YOUR ASSIGNMENT:
Please repeat, precisely as written, only the lines from the one containing "Kids Black Full" through the last line of the records below, pictures omitted.

RECORDS SHOWN:
==*==

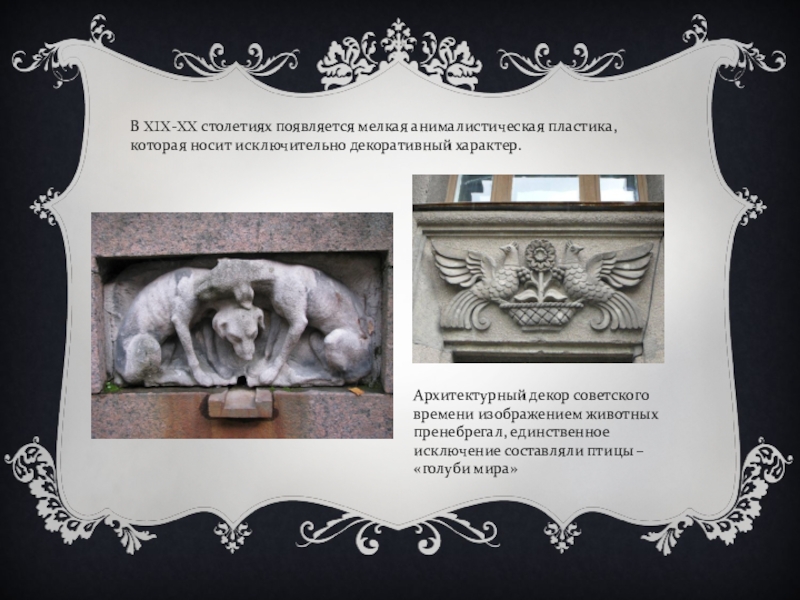 Архитектурный декор советского времени изображением животных пренебрегал, единственное исключение составляли птицы – «голуби мира»
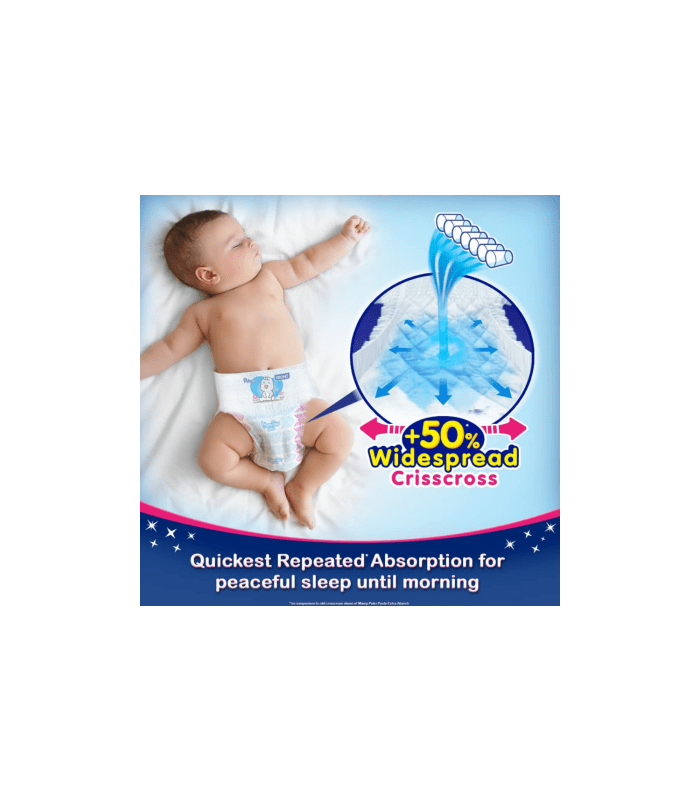 MamyPoko Standard Pants are crafted to provide reliable comfort and protection for your baby. They include an extra-wide crisscross sheet that efficiently absorbs urine, preventing leaks without added bulk. Offering up to 12 hours of protection, these pants help prevent thigh gaps and redness. Their pant-style design makes them easy to wear and remove, simplifying diaper changes.
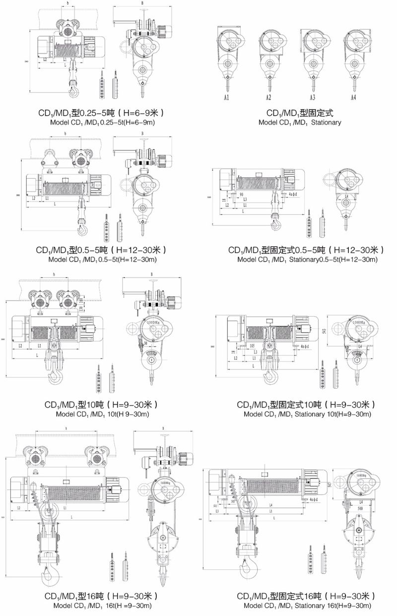 CD1型電動葫蘆的起升速度為常速,可以滿足一般使用要求;MD1型電動葫蘆具有兩種起升速度——常速和慢速。慢速工作時,可以滿足精密裝卸,砂箱合模,機床檢修等精細作業的要求。所以,MD1型電動葫蘆的使用范圍比CD1型電動葫蘆更為廣泛。
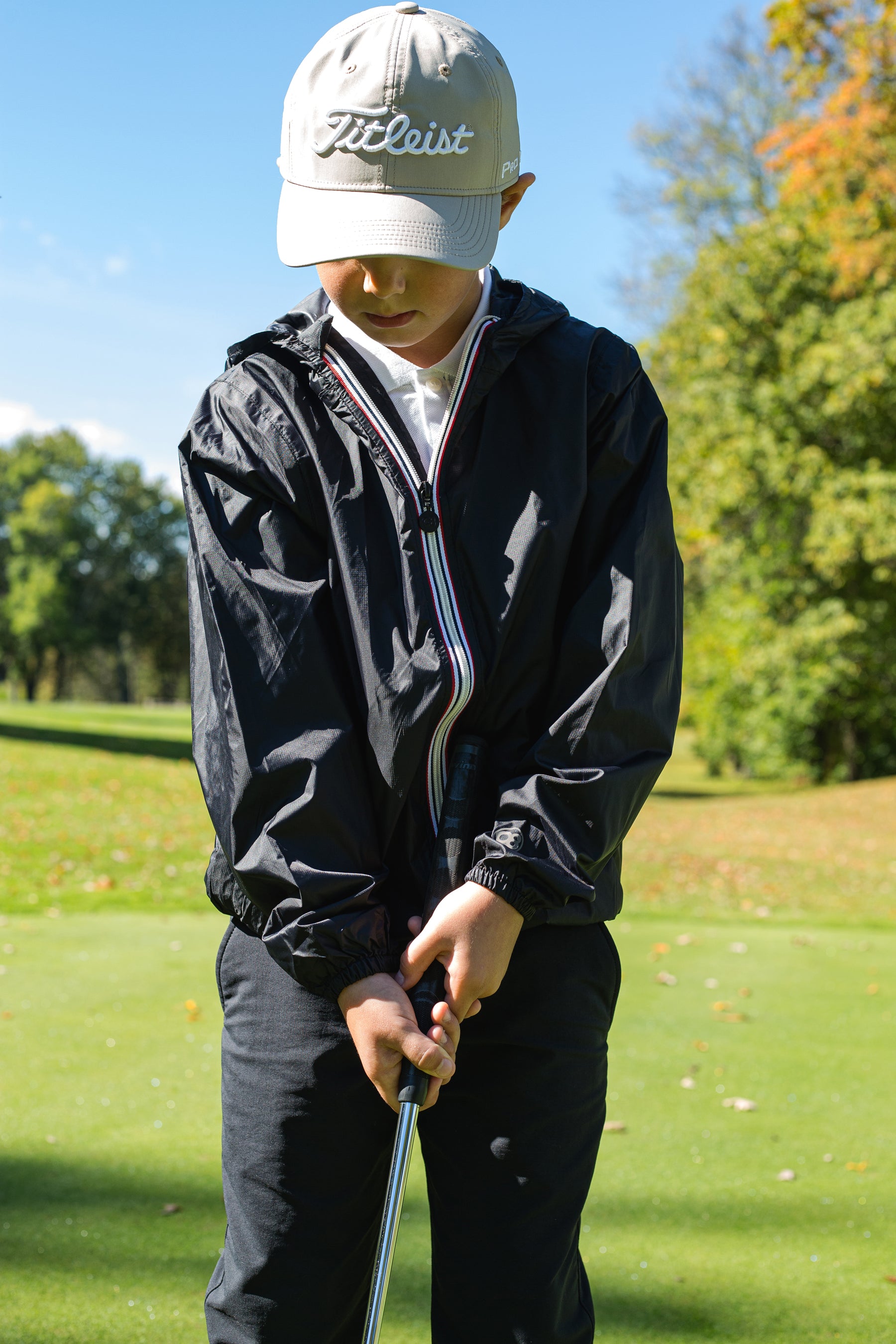 Kids Black Full Zip Packable Rain Jacket and Windbreaker
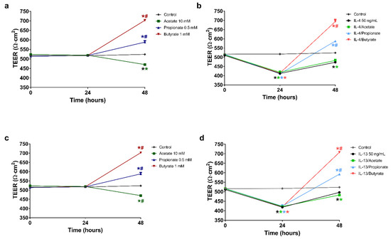 2.4. Butyrate and Propionate Restored the Barrier in IL-13 Compromised 16HBE Cells
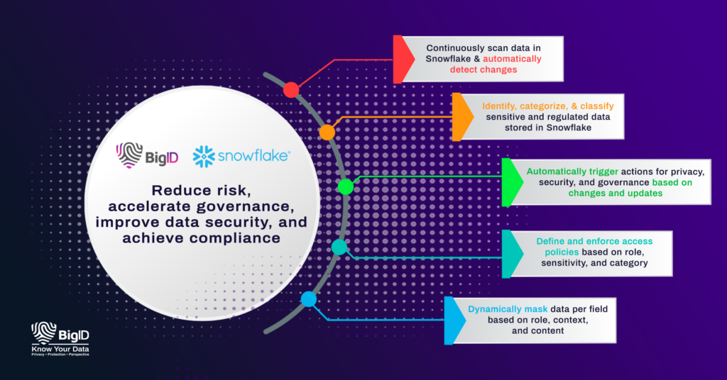 The Snowflake Data Cloud helps organizations maximize the value of their data – and with BigID, organizations can reduce risk, accelerate governance, and achieve compliance on their snowflake data.
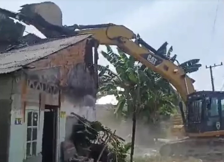 Rumah siswa SMK kelas 3 yang merupakan pembunuh 5 orang sekeluarga di Penajam Paser Utara (PPU) dihancurkan dan diratakan dengan tanah.
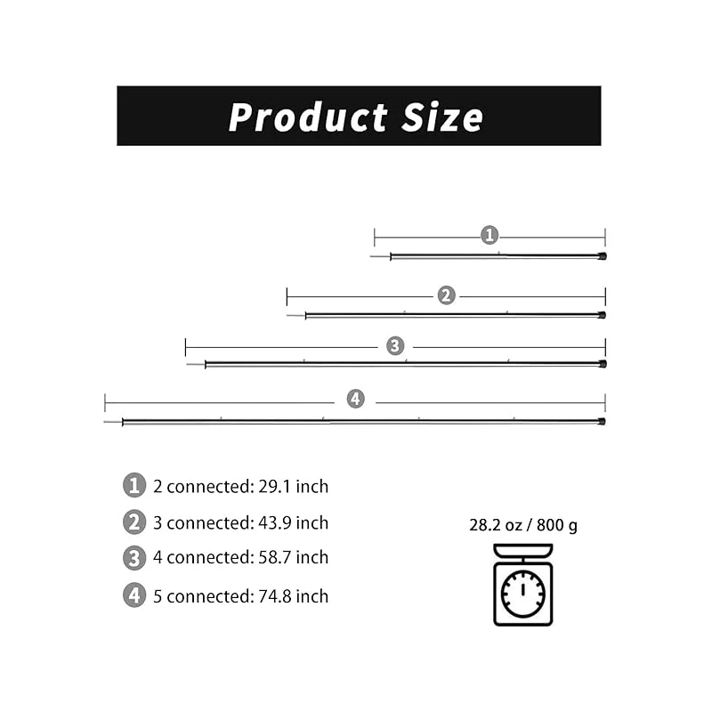 3.Adjustable poles with adjustable height extend from less than 16 inches to 75 inches, allowing you to get the height you need to stretch your tent tarp.
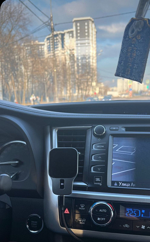 Magssory Prime Magsafe — держатель для вашего автомобиля со встроенной беспроводной зарядкой. Телефон крепится на магнитах, которые выдерживают до 2.5 кг нагрузки. Даже на при резком торможении устройство останется на месте и не соскользнем куда-нибудь под сиденья, отвлекая вас от вождения. Аксессуар поддерживает быструю зарядку (15 Вт) Qi, PD, QC и совместим со всеми устройствами с MagSafe.
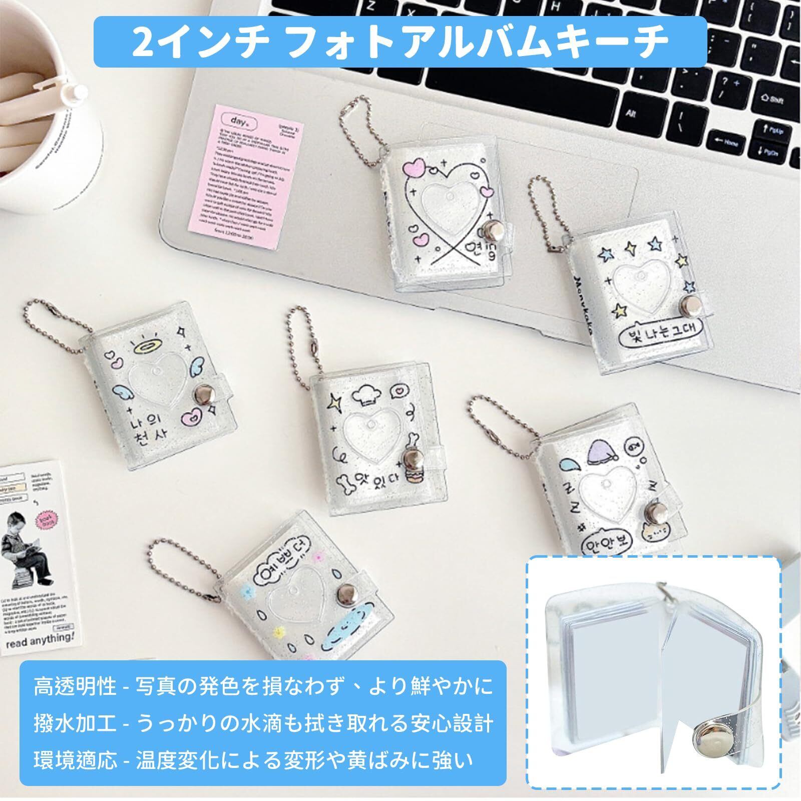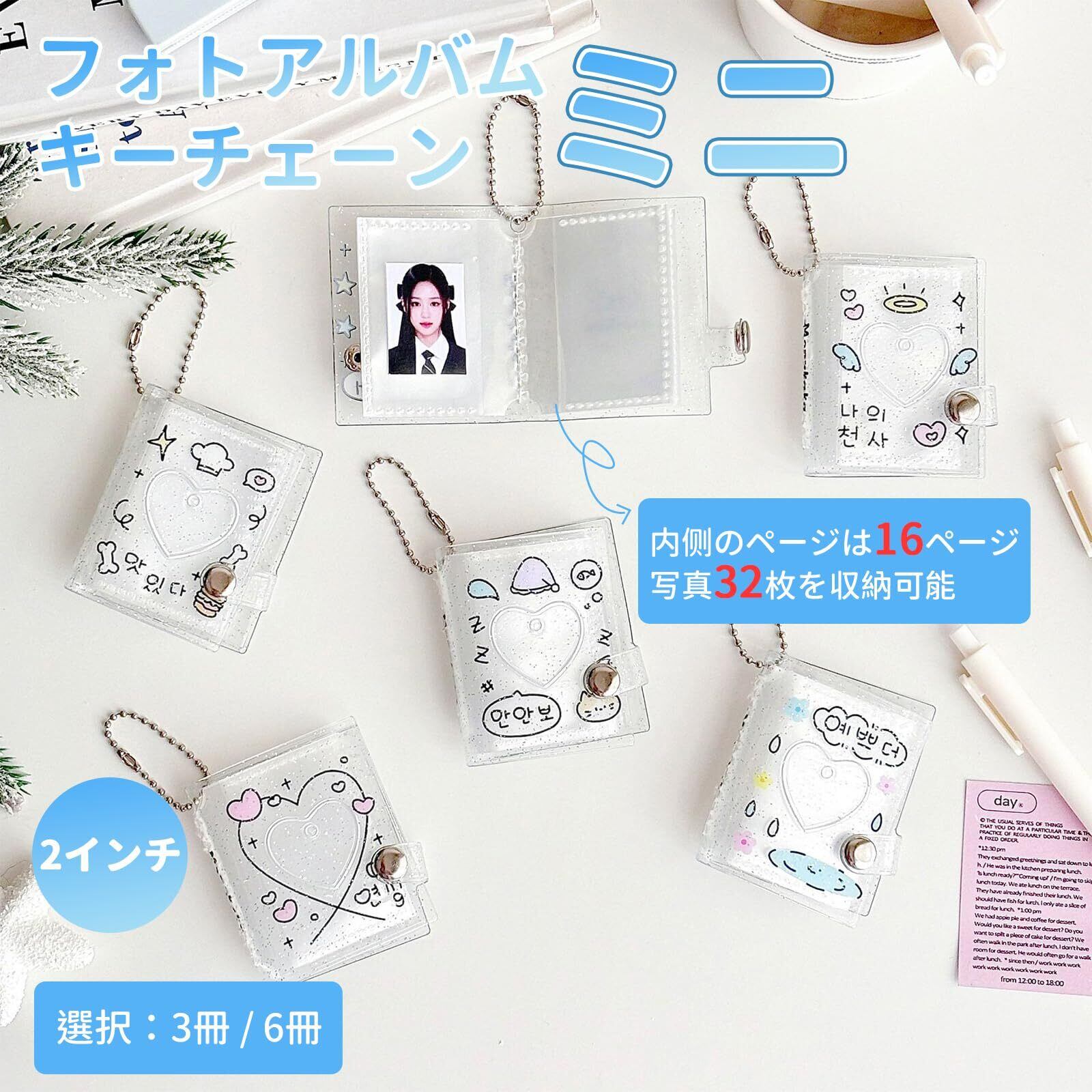 [aninako] ミニアルバムキーホルダー 3/6冊 48/96枚 両面収納 2インチ ミニシール帳 キーホルダー 落書きスタイル 小さく 透明 防水 持ち運び便利 写真ストレージ 推し活 バッグドライバー 誕生日 記念日 プレゼント

==*==

ANSWER FOR THE TASK:
 Kids Black Full Zip Packable Rain Jacket and Windbreaker
 2.4. Butyrate and Propionate Restored the Barrier in IL-13 Compromised 16HBE Cells
 The Snowflake Data Cloud helps organizations maximize the value of their data – and with BigID, organizations can reduce risk, accelerate governance, and achieve compliance on their snowflake data.
 Rumah siswa SMK kelas 3 yang merupakan pembunuh 5 orang sekeluarga di Penajam Paser Utara (PPU) dihancurkan dan diratakan dengan tanah.
 3.Adjustable poles with adjustable height extend from less than 16 inches to 75 inches, allowing you to get the height you need to stretch your tent tarp.
 Magssory Prime Magsafe — держатель для вашего автомобиля со встроенной беспроводной зарядкой. Телефон крепится на магнитах, которые выдерживают до 2.5 кг нагрузки. Даже на при резком торможении устройство останется на месте и не соскользнем куда-нибудь под сиденья, отвлекая вас от вождения. Аксессуар поддерживает быструю зарядку (15 Вт) Qi, PD, QC и совместим со всеми устройствами с MagSafe.
 [aninako] ミニアルバムキーホルダー 3/6冊 48/96枚 両面収納 2インチ ミニシール帳 キーホルダー 落書きスタイル 小さく 透明 防水 持ち運び便利 写真ストレージ 推し活 バッグドライバー 誕生日 記念日 プレゼント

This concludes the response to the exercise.